"Turn back," he said. "Turn your horse, Virginia—easy as you can."

At the same instant he turned his own horse back into the full fury of the torrent. It had been his plan to camp alone on the other side of the river, returning to the party in the better light of the morning; but there was not an instant's hesitation in turning to battle it again. His brave horse, obedient yet to his will, ventured once more into that torrent of peril. Virginia, cool and alert, pressed the bridle rein against her horse's neck to turn him.

On the bank Lounsbury and Vosper gazed in fascinated terror. Buster wheeled, struggling to keep his feet. Mulvaney pushed on, clear to the deepest, wildest portion of the stream. And then Virginia's horse pitched forward into the wild waters.

Perhaps the animal had simply made a misstep, possibly an irregularity in the river bottom had upset his balance. The waters seemed to pounce with merciless fury, and struck with all their power.

In the half-light it was impossible even for Bill to follow the lightning events of the next second. He saw the horse struggle, flounder, then roll on his back from the force of the current. It swept him down as the wind sweeps a straw. And he saw Virginia shake loose from the saddle.

He had but an instant's glimpse of a white face in the gray water, of hair that streamed; an instant's realization of a faint cry that the waters obscured. And then he sprang to her aid.

He could do nothing else. When the soul of the man was made it was given a certain strength, and certain basic laws were laid down by which his life was to be governed. That strength sustained him now, those laws held him in bondage. He could be false to neither.

He knew the terror of that gray whirlpool below. He had every reason to believe that by no possible effort of his could he save the girl; he would only throw away his own life too. The waters were icy cold: swiftly would they draw the life-giving heat from their bodies. Soaked through, the cold of the night and the forest would be swift to claim them if by any miracle they were able to struggle out of the river. Yet there was not an instant's delay. The full sweep of his thoughts was like a flash of lightning in the sky; he was out of the saddle almost the instant that the waters engulfed her. He sprang with his full strength into the stream.

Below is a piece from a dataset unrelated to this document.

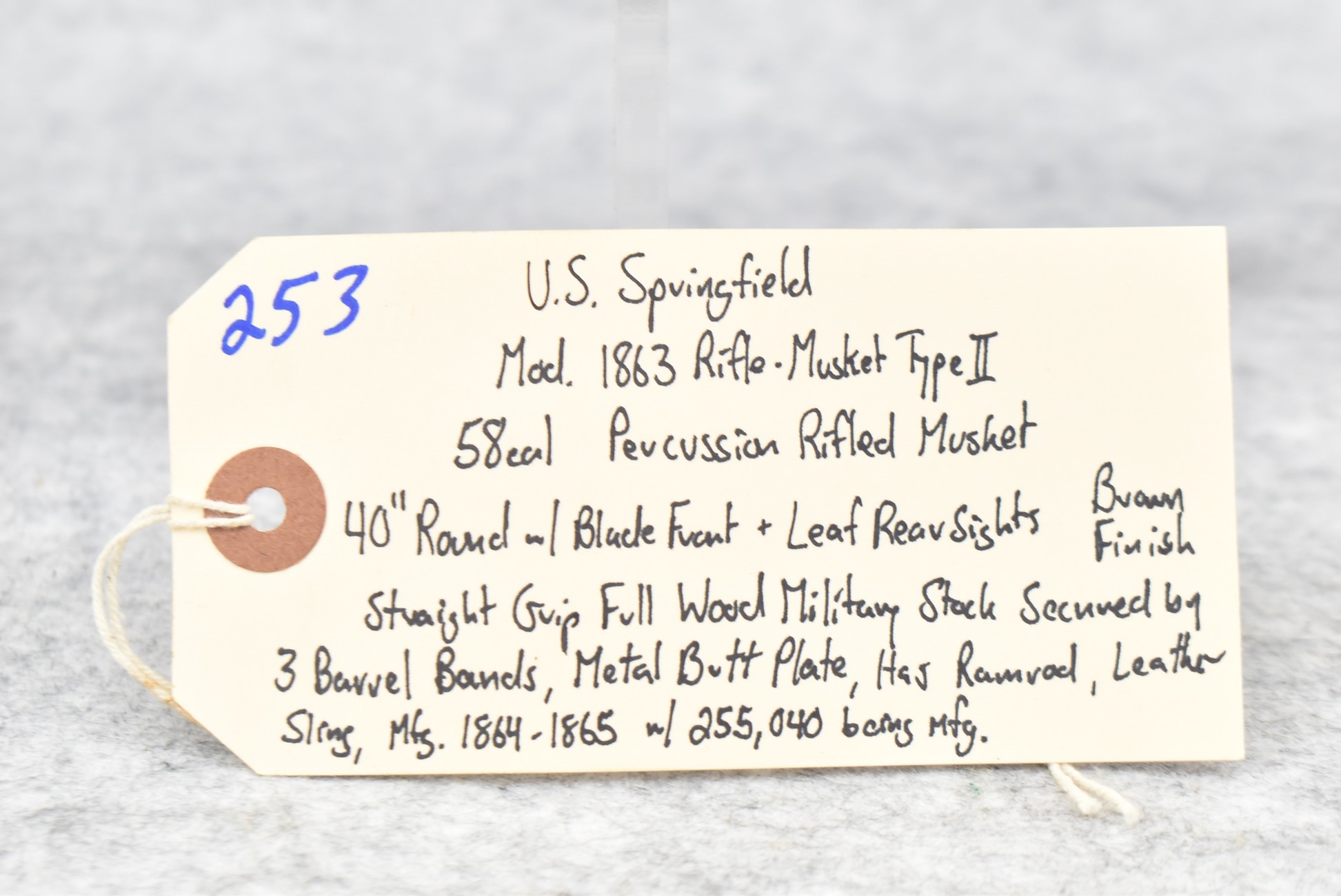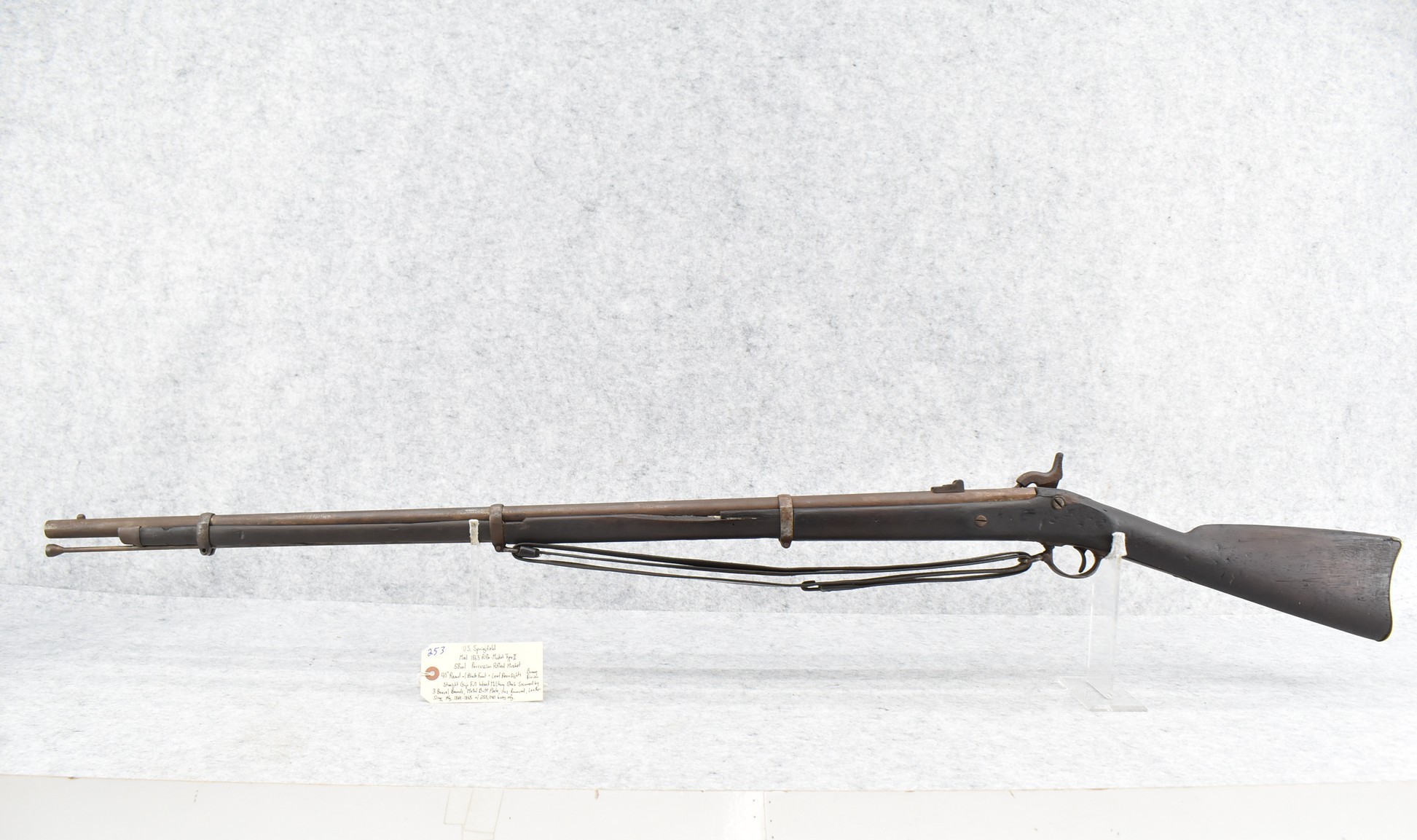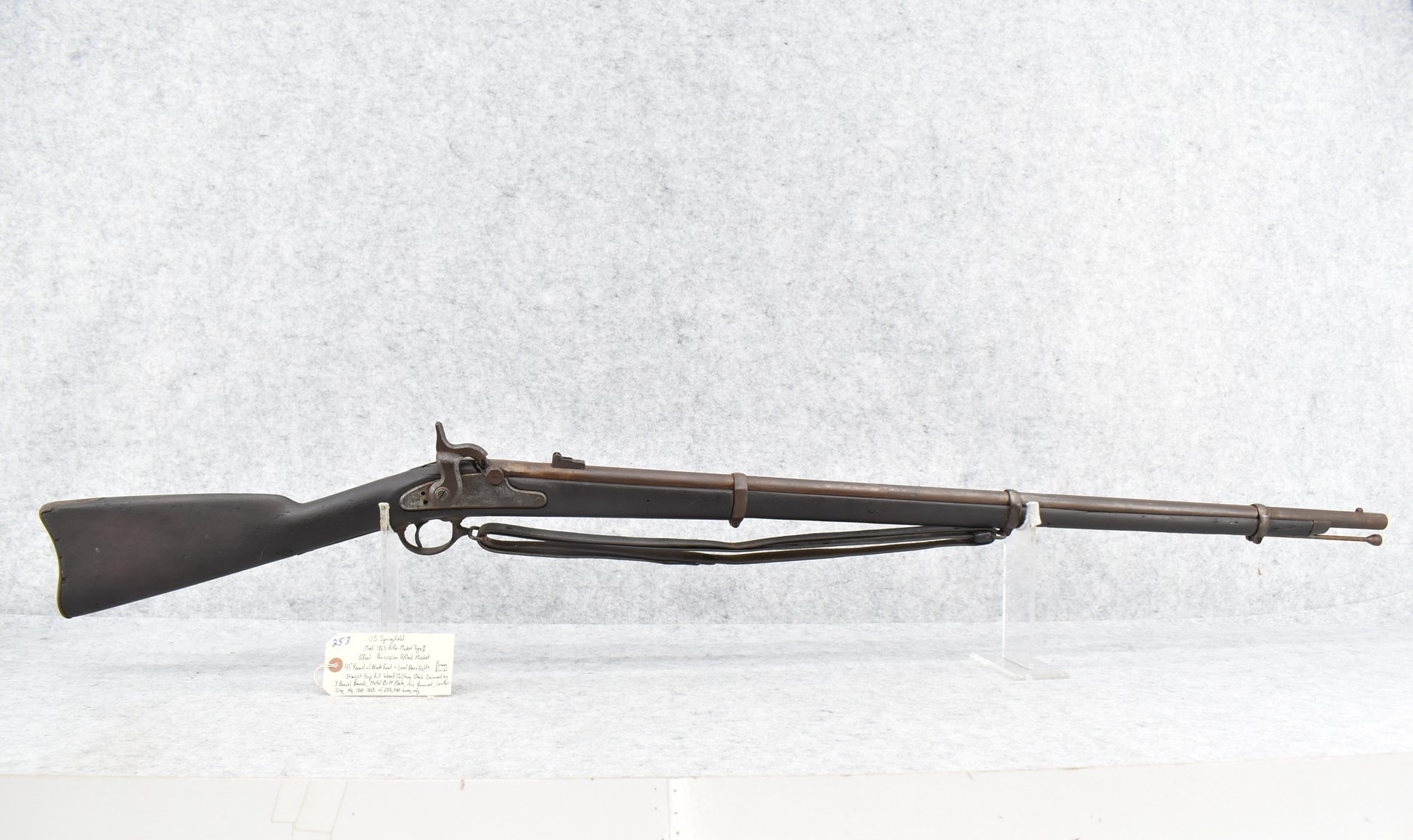 253. U.S. Springfield – Mod. 1863 Rifle-Musket Type II – 58 Cal. Percussion Rifled Musket – w/40” Round Barrel w/Blade Front & Leaf Rear Sights – Brown Finish – w/Straight Grip Full Wood Military Stock Secured by 3 Barrel Bands w/Metal Butt Plate – w/Leather Sling – w/Ram Rod – Mfg. Between 1864-1865 w/255,040 Being Mfg

On the bank the two men saw it as in a dream: the horse's fall, the upheaval of the water as the animal struggled, a flash of the girl's face, and then Bill's leap. They called out in their impotence, and they gazed with horror-widened eyes. But almost at once the drama was hidden from them. The twilight dropped its gray curtains between; besides, the waters had swept their struggling figures down the stream and out of their sight.

Already the river looked just the same. Mulvaney, riderless, was battling toward them through the torrent, but the stress and struggle of the second before had been instantly cut short. There was no spreading ripples, no break in the gray surface of the stream to show where the two had fallen. The stream swept on, infinite, passionless for all its tumult, unconquerable,—like the River of Death that takes within its depths the souls of men, never to yield them, never to show whence they have gone.